Agência Brasil Trabalhadores por aplicativos
Trabalhadores por aplicativos

O Brasil possui cerca de 2 milhões de pessoas trabalhando por aplicativos em 2025, segundo a Pesquisa Nacional por Amostra de Domicílios (Pnad) Contínua. Divulgada nesta sexta-feira (4) pelo Instituto Brasileiro de Geografia e Estatística (IBGE), o estudo revela que a maioria desses trabalhadores atua por conta própria.

Esses "plataformizados" têm jornadas semanais mais extensas e rendimentos inferiores por hora quando comparados a outros setores do mercado privado. De acordo com a pesquisa, 1,959 milhão de trabalhadores representam 1,9% do total de ocupados.

Destes, 1,2 milhão usam apps de transporte como Uber e 99. Cerca de 19,2% são entregadores de plataformas como Rappi e iFood. Outros 313 mil atuam em serviços gerais ou profissionais, como designers e tradutores.
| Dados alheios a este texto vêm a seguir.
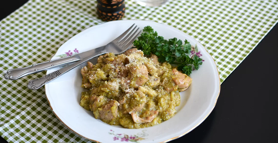 • Dodati zatim šampinjone i brokoli. Krčkati dok povrće ne omekša.

Não obstante, a informalidade é uma característica marcante entre essas ocupações, com 72,1% dos trabalhadores por aplicativos sem cobertura previdenciária. O rendimento médio mensal desses profissionais foi de R$ 3.147, semelhante ao dos não plataformizados, porém com jornadas semanais mais longas.

O IBGE também aponta um crescimento no uso de apps como ocupação principal, com 1,8 milhão de trabalhadores nesse cenário em 2025, um aumento de 9,1% em relação a 2024.

O fenômeno da "uberização" continua no centro de debates sobre direitos trabalhistas, com o Supremo Tribunal Federal (STF) ainda discutindo a possível regulamentação do vínculo empregatício para trabalhadores de plataformas digitais.